New insights into the Lpt machinery for lipopolysaccharide transport to the cell surface: LptA-LptC interaction and LptA stability as sensors of a properly assembled transenvelope complex.
机构信息
Dipartimento di Biotecnologie e Bioscienze, Università di Milano-Bicocca, Milan, Italy.
出版信息
J Bacteriol. 2011 Mar;193(5):1042-53. doi: 10.1128/JB.01037-10. Epub 2010 Dec 17.
Abstract
Lipopolysaccharide (LPS) is a major glycolipid present in the outer membrane (OM) of Gram-negative bacteria.

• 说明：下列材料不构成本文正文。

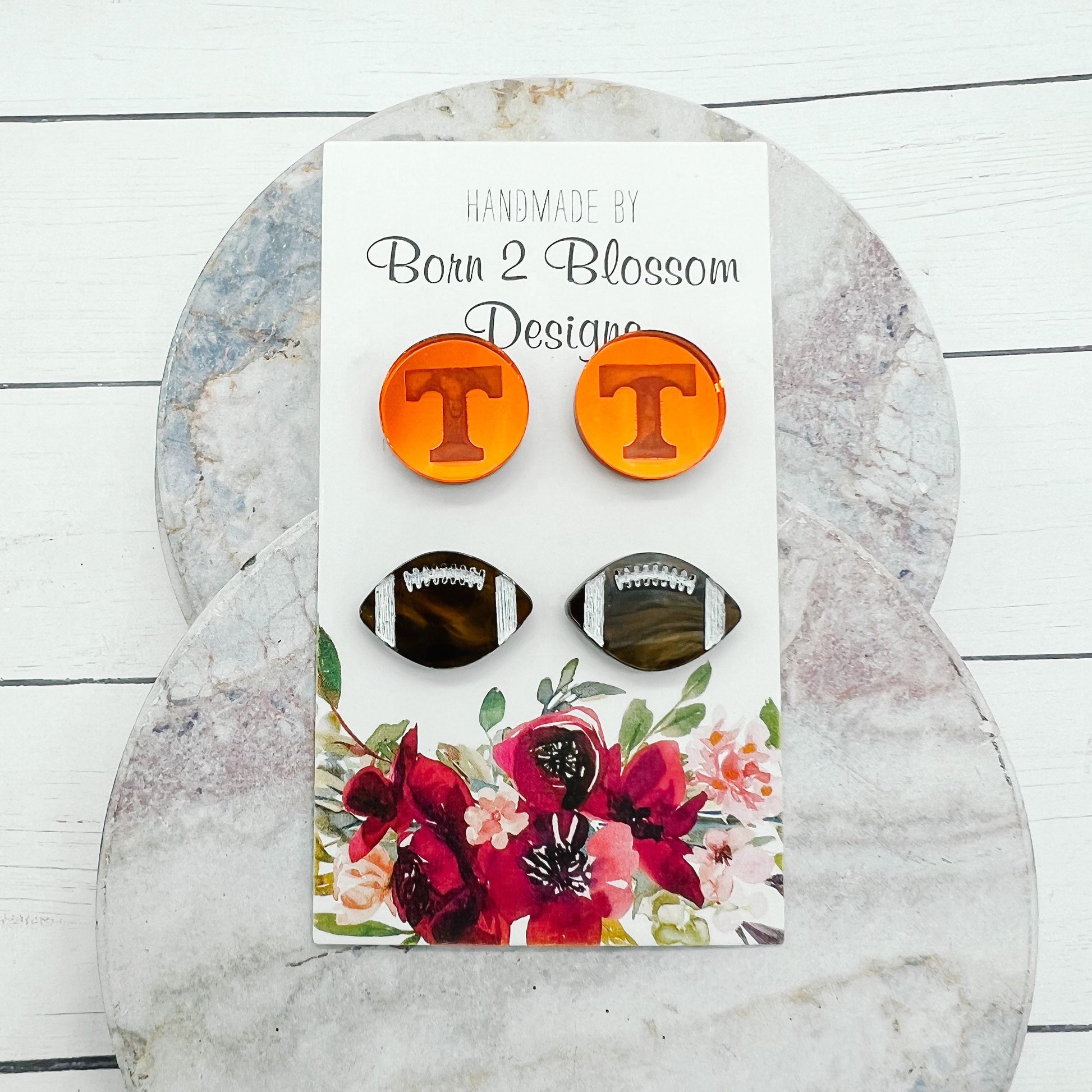 This listing is for TWO pairs of stud earrings. Tennessee Volunteers logo cut and engraved from orange mirror acrylic (super reflective and fun!). Football studs cut from a marbled brown acrylic. Perfect for University of Tennessee sports fans!!These ultra lightweight earrings measure .65 inches in diameter and have a push back.
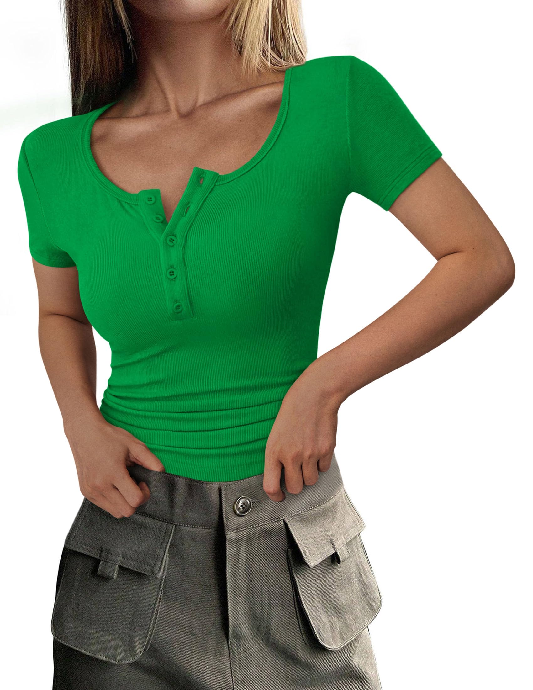 FEATURES: Short Sleeve Womens Tee Shirt; Henley Shirts for Women; Button Up Summer Tops; Fitted Tops For Women; Ribbed Casual Tops For Women; Solid Color Ladies Tops And Blouses; Going Out Tops For Women; Spring Women's T-Shirts; Basic Tops For Woman
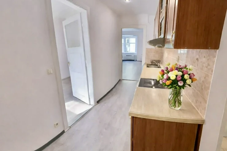We are offering a bright 2-room apartment with a usable area of 56 m² for long-term rent. It is located on the 3rd floor of a well-maintained brick building with an elevator in the attractive and rapidly developing neighborhood of Prague 4 – Michle.
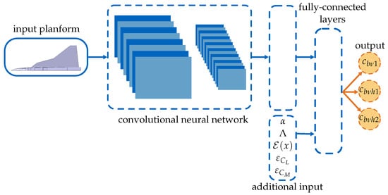 The basic idea is to design a machine learning framework to predict selected additional turbulence model coefficients. This data model outputs the proper set of coefficients based on the geometrical properties of the configuration under investigation, flow, or flight parameters. The proposed hybrid neural network (HNN) is depicted in Figure 7. The neural network consists of a CNN segment, a fully connected layer with additional inputs, and an attached feed-forward neural network part.
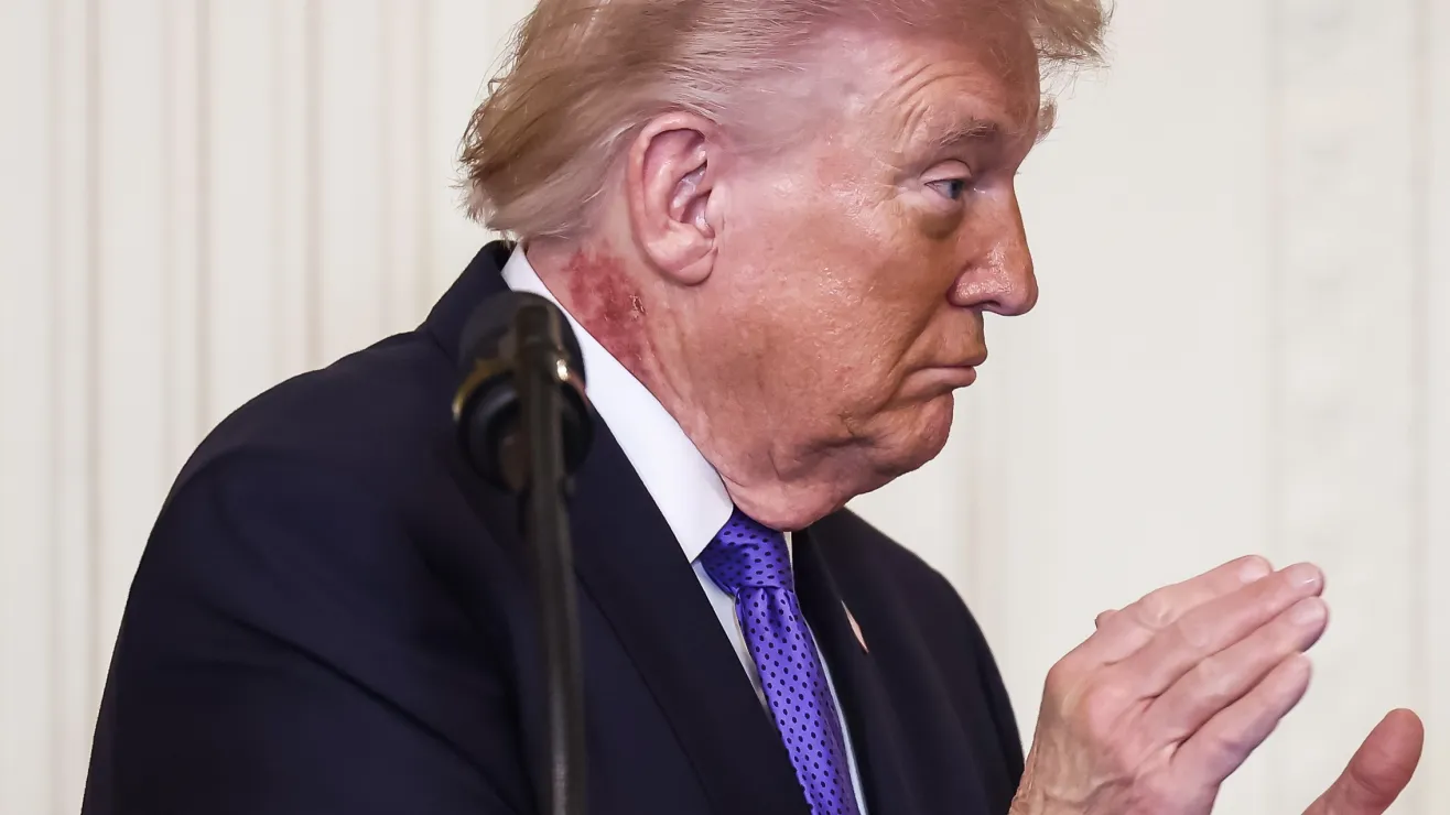 WASHINGTON D.C. – Una fotografía capturada por la agencia Agence France-Presse (AFP) durante una ceremonia en la Casa Blanca este lunes, ha desatado una ola de especulaciones globales sobre el estado de salud del presidente Donald Trump. En la imagen, se observa una notable mancha rojiza en el costado derecho de su cuello, lo que llevó a teorías que iban desde hematomas hasta enfermedades graves.
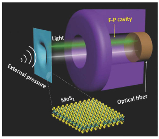Sensor schematic diagram [163]. Laser light is coupled via optical fiber into a Fabry–Pérot (F-P) interferometric cavity, where a photodetector continuously monitors dynamic cavity length variations through acquisition of interference spectra. Phase demodulation algorithms resolve micro-displacements in cavity length, establishing a pressure-to-cavity length correlation that enables high-sensitivity detection of external pressure. Copyright 2017, Adv. Mater.
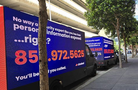 I love the copywriting here: “Think you’re safe? 855-75-CLOAK”. It’s super brief and crystal clear.
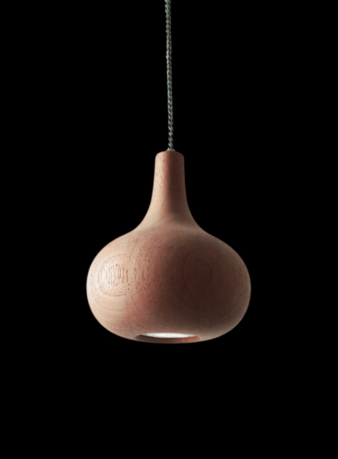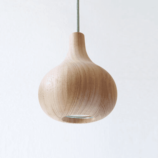 Colgante con cuerpo en madera de cedro torneada a mano, base a techo níquel mate 15 cm y cable textil 15 cm. Dimensiones: ø12,5 x 15,5 cm
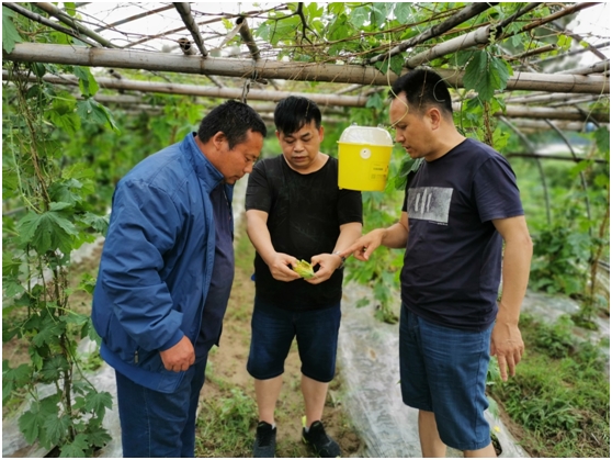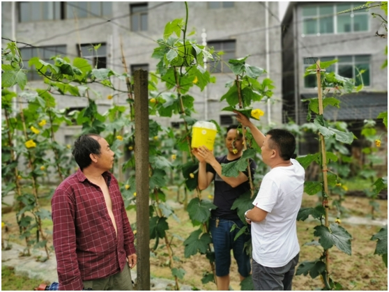为了解决向喜元、潘存军二人种植苦瓜、丝瓜的难题,帮助二人尽快实现脱贫致富,5月31日(星期日),市农业综合服务中心高级农艺师张龙杰与洪江区植保植检站何泽安站长、中方县植保植检站杨付前站长一道,给向喜元、潘存军菜地安装了瓜实蝇诱捕器,现场宣传、培训苦瓜、丝瓜绿色防控技术。
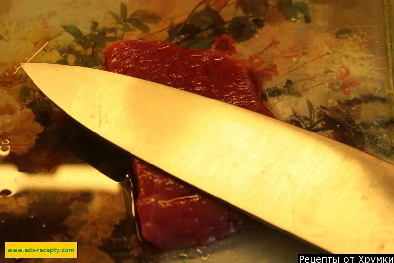 pokrój filet wołowy na cienkie plasterki. I nie bij ich, ale dociśnij je do deski grzbietem noża. Wtedy włókna nie pękną.
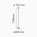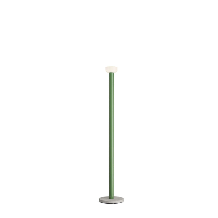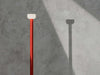 Floor lamp with indirect light. Stem in painted aluminium: shiny white, brick, cioko, green. Reflector in shiny opal white and grey blown glass. Electrical cable of 270 cm usable length with foot dimmer switch for ON/OFF function and brightness adjustment 10100%. Power supply with interchangeable plugs.
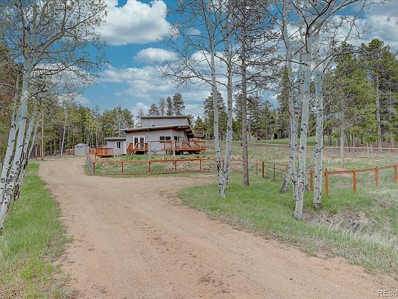 PRICE REDUCTION! on this charming 4-bedroom, 2-bathroom mountain contemporary nestled on 1.11 usable acres in Black Mountain Ranch Estates subdivision in desirable Jefferson county. This inviting home offers a partial fenced-in yard perfect for pets and a blend of comfort and style with thoughtful updates throughout, including an updated white brick fireplace with a pellet stove for those cozy winter nights. The beautifully remodeled kitchen features rich soapstone countertops, a crisp white tile backsplash, a new sink, and stainless steel appliances. Fresh interior paint, updated lighting, and modernized bathrooms add a clean, refreshed feel. A bonus guest suite or potential mother-in-law space with a private entrance offers flexibility for guests or multi-generational living. Upstairs, the open loft area includes two distinct spaces—ideal for a bedroom, home office, den, or flex area with a sliding glass door that opens to one of four private decks, each offering peaceful outdoor retreats. Enjoy ample parking, an attached storage room on the east side, and two additional sheds that remain with the property. Whether you’re entertaining, relaxing, or soaking in the mountain air and watching local wildlife, this property offers it all. Close access to hiking and biking trails and Conifer & Evergreen shopping and amenities. Don’t miss the opportunity to make this mountain gem your own!
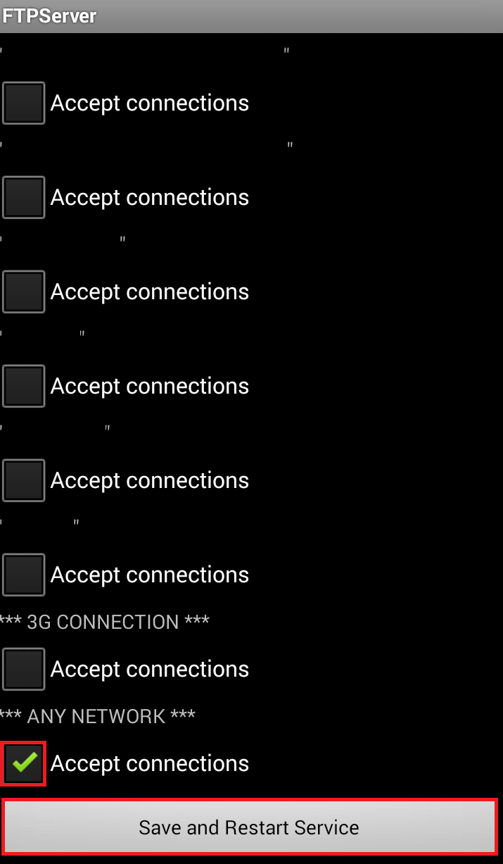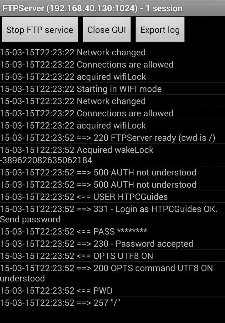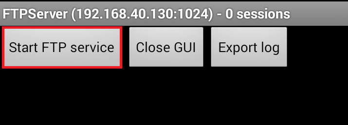 Tap Start FTP service to begin listening for FTP connections on your Android box
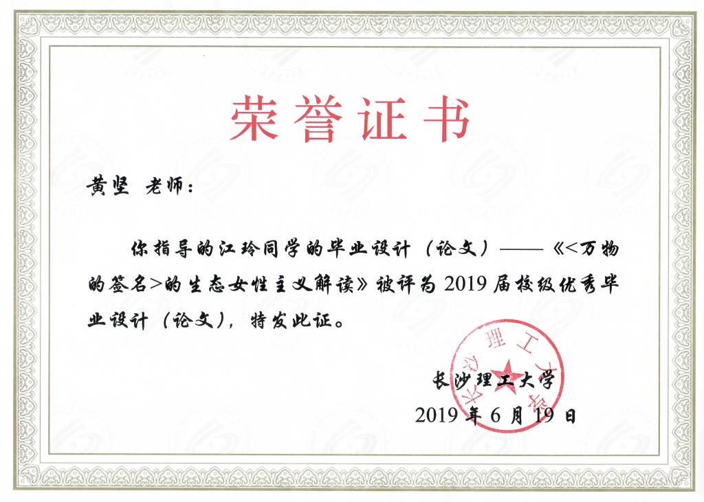 我院黄坚、季红琴两位老师指导的本科毕业论文被评为2019届校级优秀毕业论文:
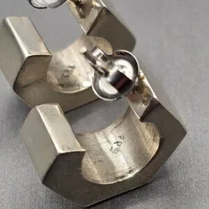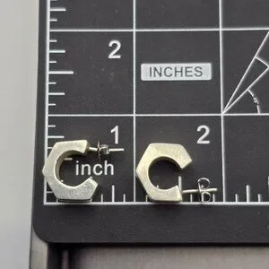 Sterling Silver Geometric C-Hoop Earrings Bold .75" Modern Hexagon Design
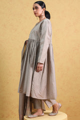 Embroidered classic-fit flared Anarkali-style frock adorned with bead embellishments on the bodice and delicate embroidery throughout. Paired with straight-fit trousers and finished with a lurex bordered dupatta for a festive look.
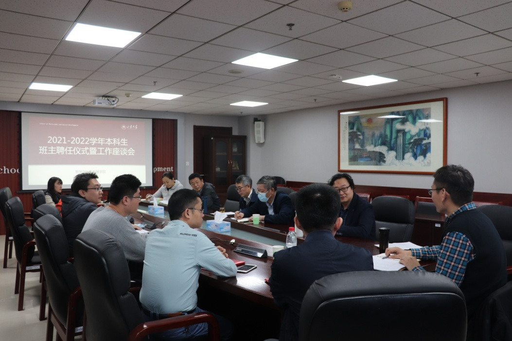 11月1日下午,taptap点点官方网站于知新楼A1618举行2021-2022学年本科生班主任聘任仪式暨工作座谈会。院长刘森林、党委书记郑倩、副院长程胜利及全体本科生班主任、辅导员参加此次座谈会。座谈会由党委副书记李永卫主持。
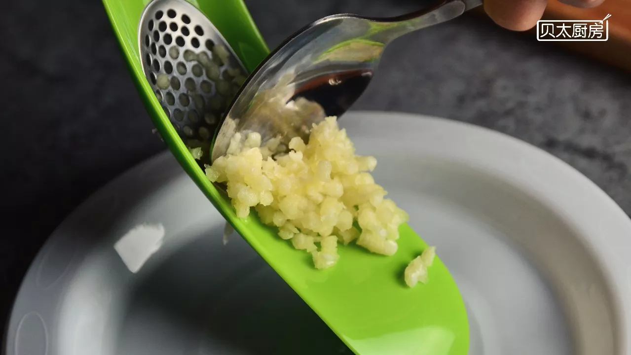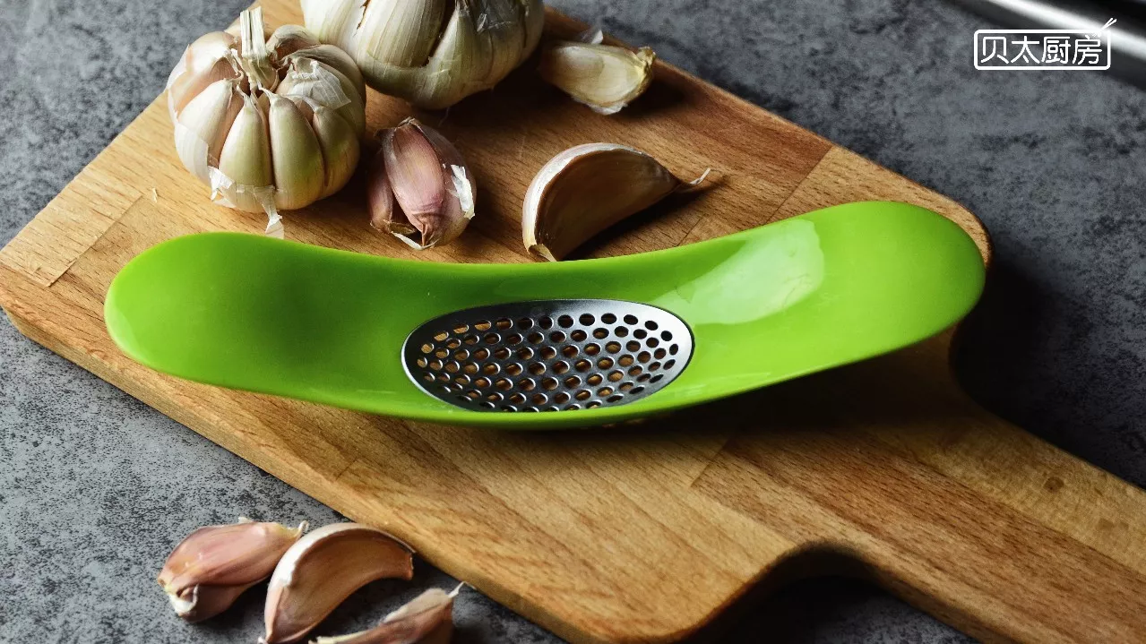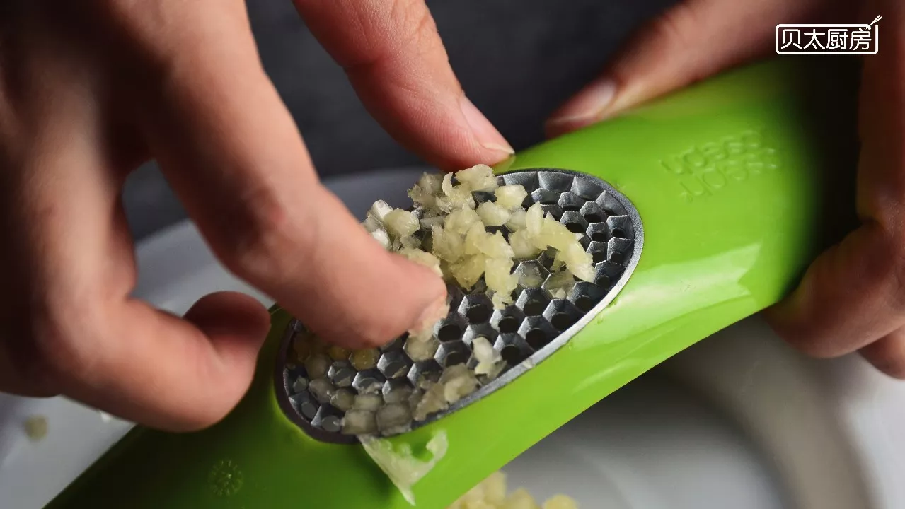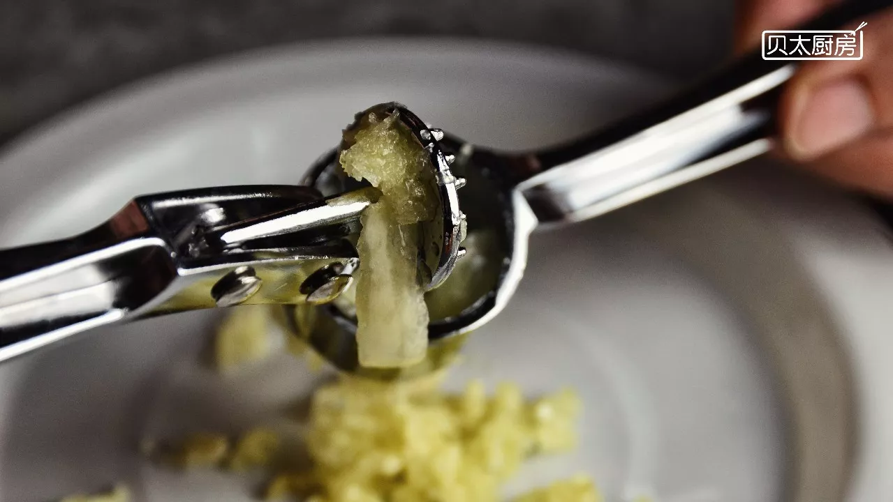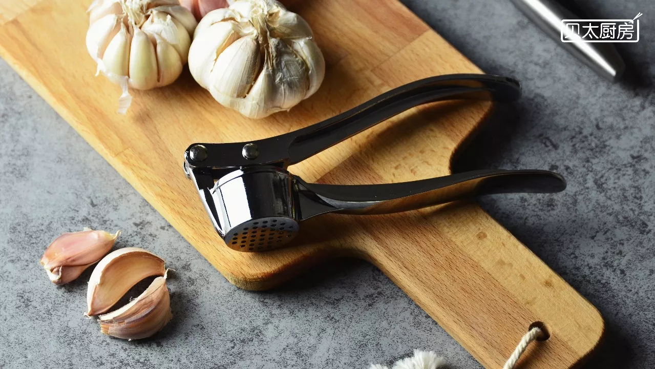 最后,压蒜器的小孔里可能会残留一些蒜粒,需要用手抠出来哟!
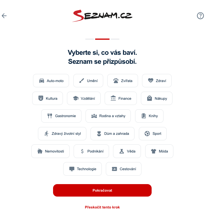 At the end of your Seznam account registration, you can choose whether to go straight to one of Seznam’s services or first set your preferences.

The peculiar permeability barrier of the OM is due to the presence of LPS at the outer leaflet of this membrane that prevents many toxic compounds from entering the cell. In Escherichia coli LPS synthesized inside the cell is first translocated over the inner membrane (IM) by the essential MsbA flippase; then, seven essential Lpt proteins located in the IM (LptBCDF), in the periplasm (LptA), and in the OM (LptDE) are responsible for LPS transport across the periplasmic space and its assembly at the cell surface. The Lpt proteins constitute a transenvelope complex spanning IM and OM that appears to operate as a single device. We show here that in vivo LptA and LptC physically interact, forming a stable complex and, based on the analysis of loss-of-function mutations in LptC, we suggest that the C-terminal region of LptC is implicated in LptA binding. Moreover, we show that defects in Lpt components of either IM or OM result in LptA degradation; thus, LptA abundance in the cell appears to be a marker of properly bridged IM and OM. Collectively, our data support the recently proposed transenvelope model for LPS transport.
摘要
脂多糖(LPS)是革兰氏阴性细菌外膜(OM)中存在的主要糖脂。OM 的特殊渗透屏障是由于 LPS 存在于该膜的外叶,防止许多有毒化合物进入细胞。在大肠杆菌中,细胞内合成的 LPS 首先由必需的 MsbA 翻转酶跨内膜(IM)转运;然后,位于 IM(LptBCDF)、周质(LptA)和 OM(LptDE)中的七个必需的 Lpt 蛋白负责 LPS 在周质空间的转运及其在细胞表面的组装。Lpt 蛋白构成一个跨内膜和 OM 的包膜复合物,似乎作为一个单一的装置运作。我们在这里表明,LptA 和 LptC 在体内物理相互作用,形成一个稳定的复合物,并且基于对 LptC 功能丧失突变的分析,我们推测 LptC 的 C 末端区域参与 LptA 的结合。此外,我们表明,无论是 IM 还是 OM 的 Lpt 成分的缺陷都会导致 LptA 的降解;因此,细胞中 LptA 的丰度似乎是适当桥接的 IM 和 OM 的标志物。总之,我们的数据支持 LPS 转运的跨包膜模型。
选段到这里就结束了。